To increase the odds of matching buyers and sellers, Airbnb’s team of data scientists and engineers have worked hard to develop pricing technology, said Bar Ifrach, Airbnb data scientist, during a recent OpenAir 2015 talk.

“We’re trying to empower our hosts with tools to price their listings and get bookings seamlessly and effectively, so we have more hosts and stays on Airbnb and more matches on the platform,” Ifrach said.

Airbnb displays a host’s calendar. Days shown in white are available to book. Gray indicates days already booked, in the past, or that are days the host doesn’t want to book.

At the bottom of days in white, the host sees a color bar, which indicates how likely the host is to get a booking for that day at a given price. Green indicates a high likelihood. Yellow means there’s a medium chance of booking at the current price; red suggests a low probability of booking.

The technology behind this is divided into two parts, Ifrach said: Modeling and Aerosolve.

With modeling, Airbnb is “trying to predict for every day of year, for every listing, what will be the likelihood of getting a booking for any possible price,” Ifrach explained. “Then we can find a price that works best.” Airbnb modeling is doing this “on a huge, global scale” by looking at millions of derived features and over 5 billion training points, he said.
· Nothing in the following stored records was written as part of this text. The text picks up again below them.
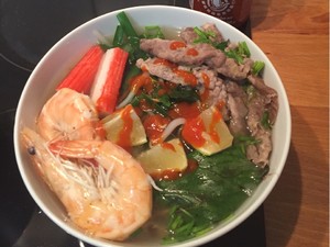 沸水中放入河粉烫熟,捞出。再分别放蔬菜和肉类烫熟,捞出。将食材分到碗里,挖一勺牛油和一大勺鱼露,浇入滚烫的高汤,撒点sriracha。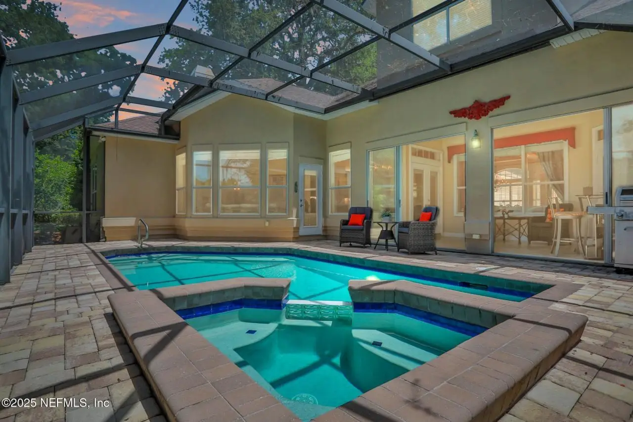 • Sparkling pool and spa in screened outdoor living space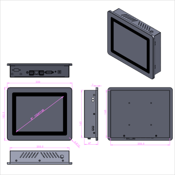 12.1 Inch Industrial Touch Screen Computer With Whole Sheet Metal Casing
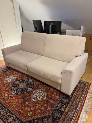 Vendo sofá cama de 3 plazas en color beige claro, muy cómodo y funcional. Se convierte fácilmente en cama mediante sistema abatible con estructura metálica resistente. Medidas aprox.: – Ancho total sofá: 200 cm – Fondo asiento: 53 cm – Largo cama abierta aprox. 183 cm – Ancho cama: aprox. 140 cm 🛏️ Incluye colchón viscolatex integrado, ideal para invitados o uso ocasional. 🪵 Patas de madera maciza. 🧼 La tapicería esta limpia de hace unos meses (ver fotos). Tiene una barra y una cremallera medio rota, pero no afecta al funcionamiento ni a la estética (foto5) 🚭 Casa sin humo. 📍 Recogida en mano por varias personas, pesa mucho.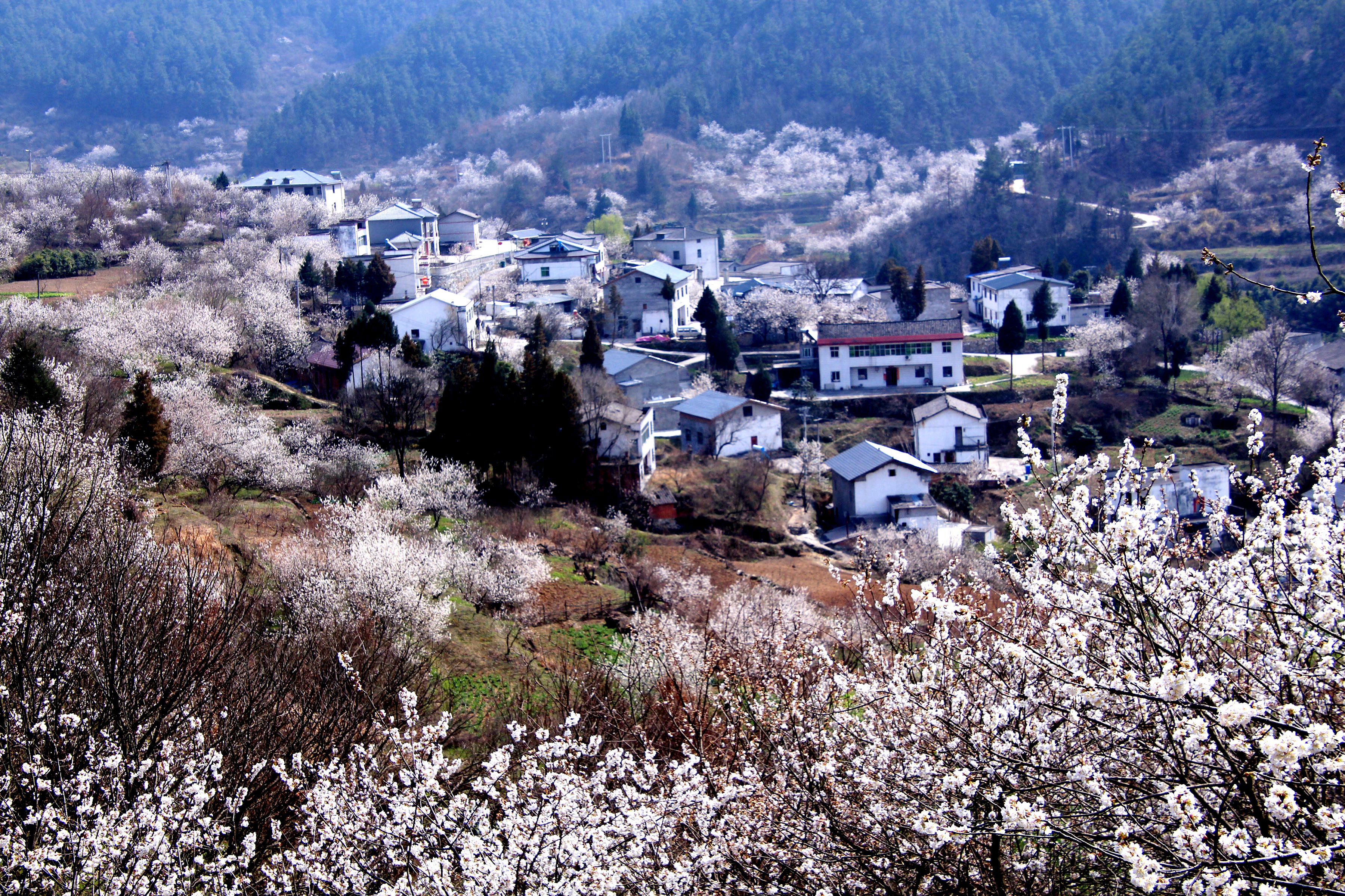 在湖北省十堰市郧阳区茶店镇樱桃沟村,房屋掩映在花海中(3月12日摄)。新华社发(曹忠宏摄)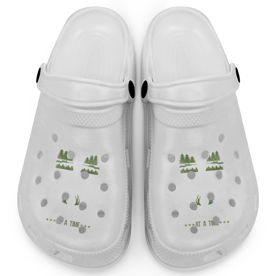 You're taking a peek at the product Buck Deer Hunting Hunter Wife Clogs For Kids WHITE belong theme Clogs at Printblur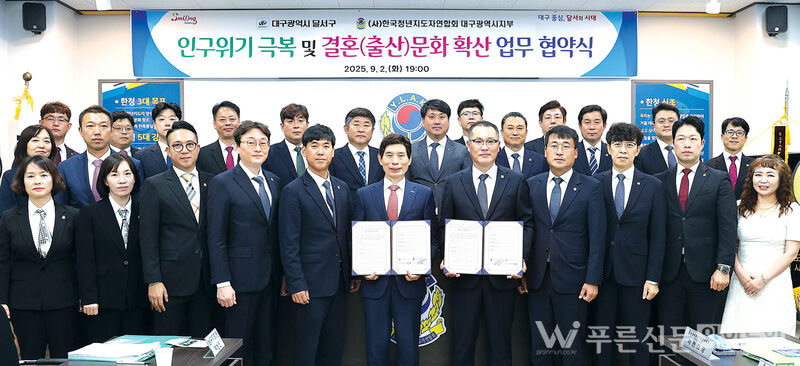 달서구-한국청년지도자연합회 대구지부, 인구 위기 대응 업무협약 체결 [자료제공=달서구청] 달서구는 지난 2일(화) (사)한국청년지도자연합회 대구지부와 초저출생 문제 극복과 긍정적 결혼문화 확산을 위한 업무협약을 맺었다.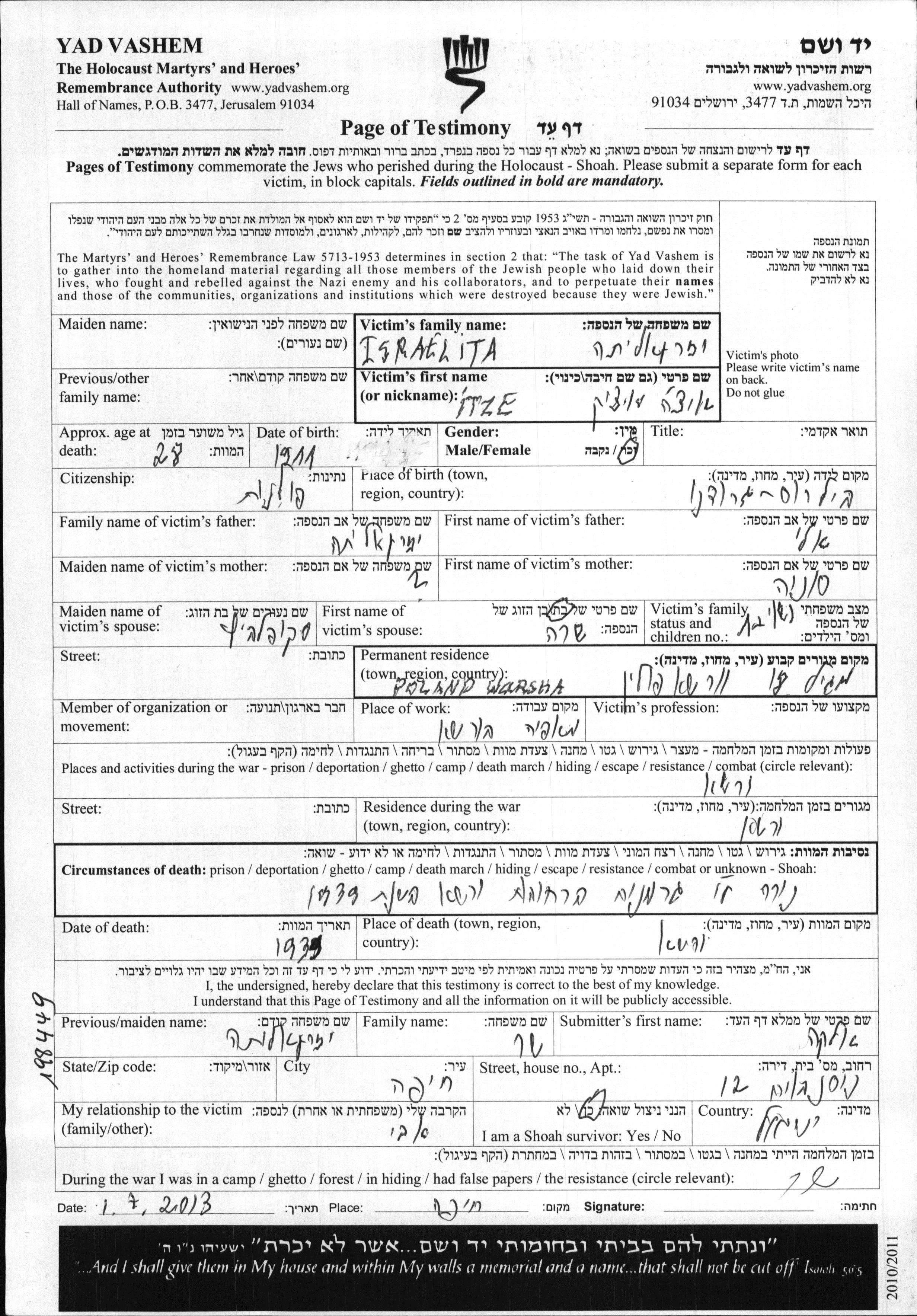 Itze Israelita wurde im Jahr 1911 in Grodno, Polen geboren. Er war der Sohn von Eli und Sonia. Er war mit Sara, geb. Skopelevich Verheiratet. Vor dem Zweiten Weltkrieg lebte er in Warszawa, Polen. Während des Krieges war er in Warszawa, Polen.

Three main considerations go into the pricing model:

  • Demand, or the impact of seasonality or special events (such as Austin’s SXSW conference) on an area. Airbnb’s model translates demand features into pricing predictions.
  • A listing’s location, such as the market, neighborhood, or street block. Example: San Francisco has many distinct neighborhoods that appeal to different crowds, and “we need to account for that” in pricing, said Ifrach. This is accomplished through grids and k-d trees.
  • A listing’s type and quality. Airbnb’s pricing model is “unique,” Ifrach said, because it incorporates such factors as a property’s size and specific qualities.

As an example, he compared a houseboat situated across from the Eiffel Tower in Paris and a private room with a view of the tower. To determine pricing for each, Airbnb’s model takes into account the differences in the two listing types (houseboat vs. a room), amenities (such as air conditioning), and other qualities. To quantify a listing’s quality, Airbnb’s modeling uses Dirac and Cubic splines to capture the effect of guest reviews.

Airbnb Hector Yee

The second part of Airbnb’s dynamic pricing technology is Aerosolve, “machine learning for humans,” said Airbnb engineer Hector Yee, who took the stage after Ifrach.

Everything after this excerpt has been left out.